00:19:29.280 However, with synthetic responses, the JavaScript can send its request to the cache, which replies immediately with a response while queuing a background update to the origin server.

00:19:58.480 That way, the client receives feedback immediately, allowing the user's experience to remain fluid and responsive without having to wait for the round trip to the server.

00:20:24.960 In VCL, you might implement this by checking if a specific URL matches a condition and send back a synthetic response quickly, ensuring a better user experience.

00:20:51.880 For cases where consistency is important, synthetic responses may not be suitable, but for applications that can tolerate eventual consistency, they can save many milliseconds on response times.

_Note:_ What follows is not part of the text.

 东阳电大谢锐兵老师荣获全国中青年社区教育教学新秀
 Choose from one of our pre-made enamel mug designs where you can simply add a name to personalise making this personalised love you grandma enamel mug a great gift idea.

00:21:25.760 Moving on, let’s discuss strategies for caching dynamic content. Firstly, not all dynamic content is cacheable. Things like real-time statistics, or sensitive information such as credit card numbers cannot be cached.

00:21:54.400 However, content such as JSON APIs can often be cached, even though updates may be unpredictable. One common strategy for managing this unpredictability is the use of short TTLs.

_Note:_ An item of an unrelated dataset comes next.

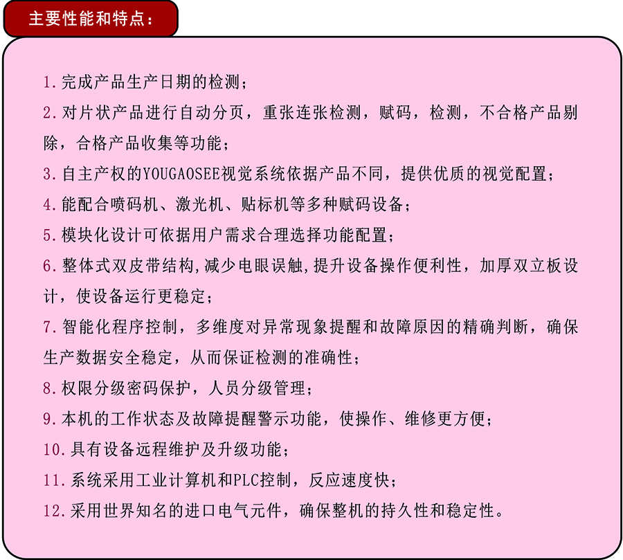 日期檢測功能特點詳解: 通過字符識別技術(shù)(OCR)檢測產(chǎn)品上的三期信息是否合格。 可檢測漏打碼、字符殘缺、模糊、重碼、偏移、內(nèi)容錯誤等噴碼缺陷。 支持激光打碼、墨水噴碼、碳帶打印等多種打碼方式的檢測應(yīng)用。 安裝在客戶生產(chǎn)線上,在線檢測。并自動剔除不合格產(chǎn)品。 可存儲多組檢測參數(shù),換產(chǎn)時可直接調(diào)用,可快速完成切換產(chǎn)品操作。 該檢測系統(tǒng)廣泛應(yīng)用在醫(yī)藥、食品、日化、化工等行業(yè)。包括標(biāo)簽打碼、外箱噴碼、瓶子噴碼等標(biāo)識的檢測。對每個產(chǎn)品打碼的效果進行檢驗,有效的避免消費者對貴司產(chǎn)品品牌形象的不良影響。 拓展應(yīng)用: 支持日期內(nèi)容自動同步系統(tǒng)時間功能。減少人工設(shè)置操作。 支持與客戶系統(tǒng)對接。從客戶服務(wù)器獲取對比數(shù)據(jù)。從而自動設(shè)置檢測參數(shù)。無需人工干預(yù)。 支持噴碼背景有多種顏色的應(yīng)用場合?蛇x用彩色光源。保證圖像拍照效果最佳。切換相機方案時,光源顏色同時自動切換。 |

00:22:26.720 Another strategy is Edge Side Includes (ESI), which involve generating templates at the edge while fetching dynamic content from the origin server as needed.

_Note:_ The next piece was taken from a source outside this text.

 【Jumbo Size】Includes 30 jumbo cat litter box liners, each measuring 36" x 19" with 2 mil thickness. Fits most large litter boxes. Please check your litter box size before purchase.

00:22:54.239 For example, when generating a navigation bar that displays a logged-in user's avatar and name, the caching server can handle the template while fetching user-specific content as needed.

00:23:28.160 A further strategy to consider is extracting dynamic content into APIs and fetching it asynchronously from clients. This can expedite the delivery of HTML to users, minimizing the build time at the application layer.

00:24:01.520 When these APIs send responses, we can provide an appropriate cache-control directive. This can establish longer TTLs to balance freshness with load management. You can associate cache keys with API responses for efficient invalidation.

00:24:38.960 In Rails, for instance, you can set cache keys based on table identifiers and perform purges on updates to keep content fresh.

00:25:13.480 Using tools like the 'CF-Cache-Tag' meta tag allows for tagging and cleaning up cached content, but care must be taken to ensure this doesn’t make responses uncacheable.

00:25:42.239 Another strategy involves handling cached responses when cookies are present. By suppressing cookie headers during caching lookups, you can cache responses without user-specific data while still restoring cookies to responses as needed.

00:26:11.440 In VCL, you can manage this by checking for cookies at the request stage, stripping them out, and then reinserting them after serving cached content.

00:26:43.680 If the cache misses, you can fetch from the origin while adhering to the same principles of managing cookies. Proper caching practices ensure a fine balance between performance and user experience.

00:27:09.280 In conclusion, tools like 'dig' and 'traceroute' are invaluable for debugging network issues. Adjusting cache-control headers allows for precise control over cache behavior.

00:27:39.680 As an advanced topic, consider using VCL to replace some middleware logic at the edge and examine the performance outcomes.

00:28:08.560 Throughout this talk, we've explored various caching strategies. None are wrong, but choosing the one that best fits your context is essential.

00:28:38.640 Ultimately, we've discussed stripping away elements that might otherwise be considered private or uncachable, enhancing our caching strategies.

00:29:08.000 We'll now open the floor to questions. If anyone has any queries, feel free to ask!

00:29:32.360 One participant inquired about whether varnish could replace existing reverse proxies like Nginx, to which I clarified that it can work with both, without issue. Concerns about synthetic responses handling errors were addressed, confirming that logic can indeed be defined to manage such cases.

00:30:44.200 There were also questions about caching TTLs and ISP practices. I explained that, generally, as long as your caching implementation is sound, many ISPs respect these TTLs. However, it’s crucial to note potential challenges posed by reliant caches in front of your control that may not follow your defined TTL.

00:35:09.360 That wraps up our Q&A, so thank you all for your engagement and participation!